The recent amendment by the Legislature has no bearing on this case. G.S. 96-14(l)’s specific ground for disqualification of *651benefits when applicable prevails over the general policy provisions of G.S. 96-2. See In re Usery, 31 N.C. App. 703, 230 S.E. 2d 585 (1976), dis. rev. denied, 292 N.C. 265, 233 S.E. 2d 396 (1977). Sections imposing disqualifications for unemployment benefits should be strictly construed in favor of the claimant and should not be enlarged by implication. In re Watson, supra. Where, as here, the context requires a different construction, a word may be construed so as to effectuate legislative intent. In re Watson, supra.

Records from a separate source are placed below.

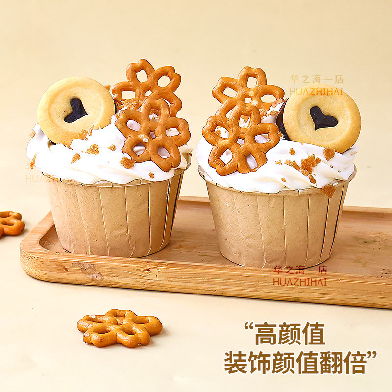 碱水结饼干蛋糕装饰小花朵网格造型五瓣花可食用纸杯甜品烘焙摆件
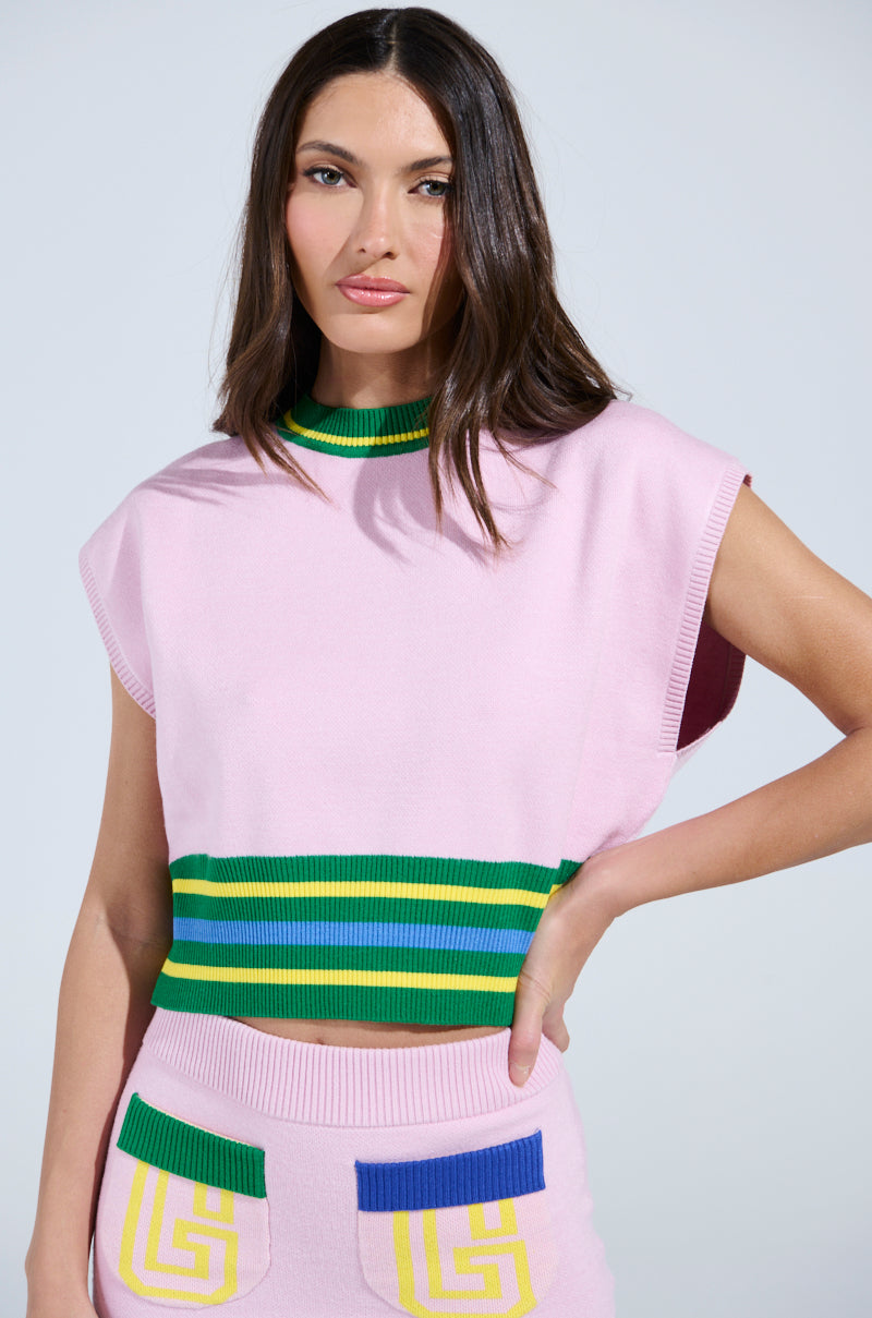 The costume department from Challengers called; they want The AWNIS Label Love Wins Sweater back. This preppy piece is crafted from an irresistibly soft knit fabrication and features an oversized. cropped silhouette. a sleeveless design. a ribbed crew neckline with athletic accent stripes. and a ribbed. cinched hem with coordinating accent stripes. Style it with the Love Wins Mini Skirt and fresh sneakers for a sporty-chic ensemble.
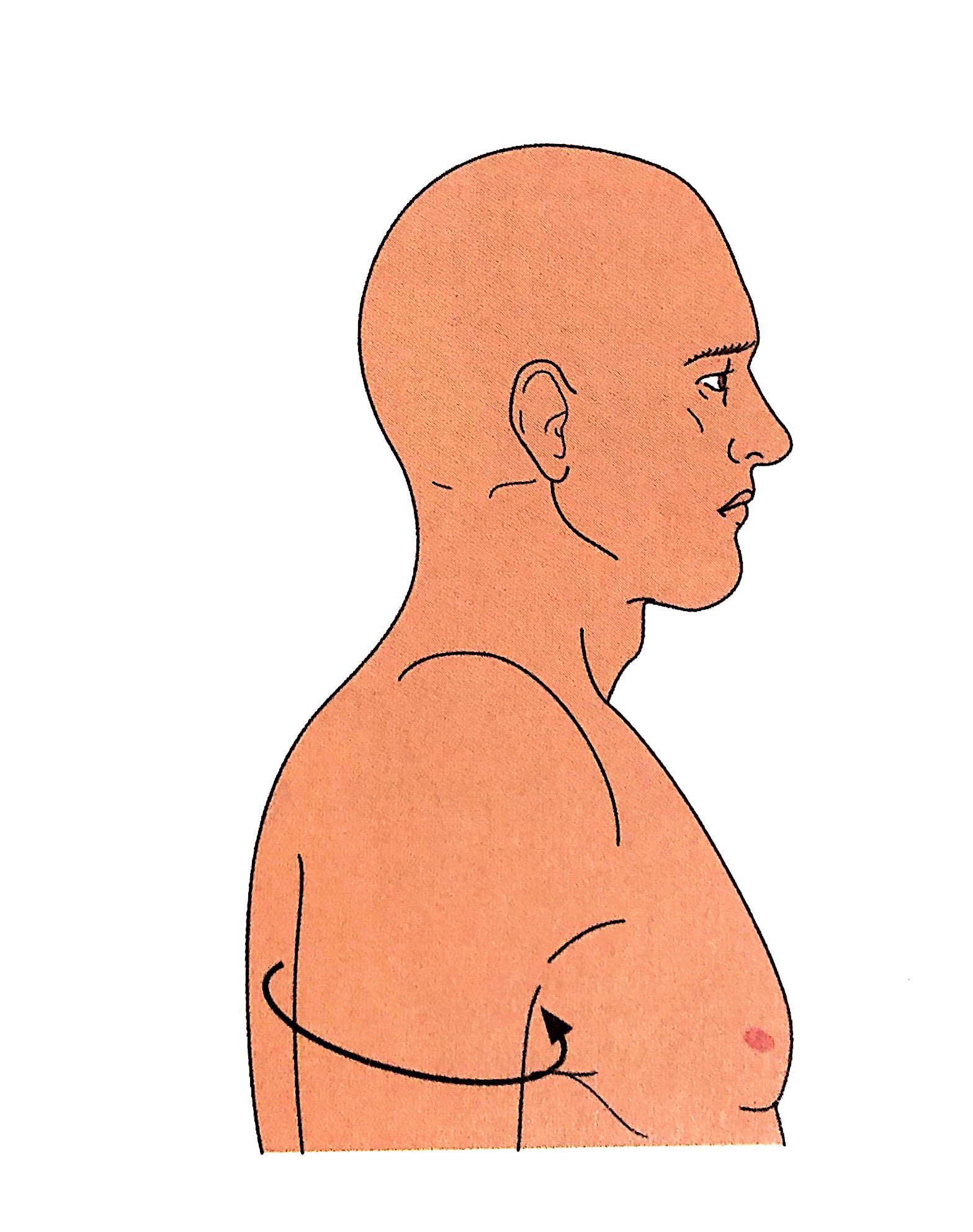 观察:受试者的肩部,判断它与头和颈部的位置关系,是否与耳朵处于同一条线上,或者存在肩部前伸现象(即手臂内旋);或者让受试者像站军姿站立一样,挺胸抬头,观察肩部是否后缩。

In Webster’s Third New International Dictionary (unabridged, 1976), “work” is defined as “the labor, task, or duty that affords one his accustomed means of livelihood.” This is the type of “work” to which G.S. 96-14(1) applies. Appellee’s services are not covered therein. His services are not “employment” within the meaning of the act, see G.S. 96-8(6)k.l3 [originally enacted as G.S. 96-8(6)g.l5], nor do they constitute work within the meaning of G.S. 96-14(1). It is common knowledge that many of our universities’ graduate students receive financial aid. Oftentimes, they are required to work as research assistants to qualify for aid. Upon completion or termination of their studies, these students are ineligible for such aid. The aid is not a permanent method of earning a livelihood, but only a temporary job taken on and performed along with normal school work and subordinate thereto. See In re Augustine, 9 A.D. 2d 837, 192 N.Y.S. 2d 801 (1959). If an applicant successfully completes his studies, he is again eligible for unemployment benefits and is to be treated like any other applicant. Wyka v. Colt’s Patent Fire Arms Mfg. Co., 129 Conn. 71, 26 A. 2d 465 (1942).

We hold that appellee’s termination of his studies and subsequently his research assistantship did not constitute a voluntary abandonment of “work” within the meaning of G.S. 96-14(1).

Affirmed.

Judges MARTIN (Robert M.) and MITCHELL concur.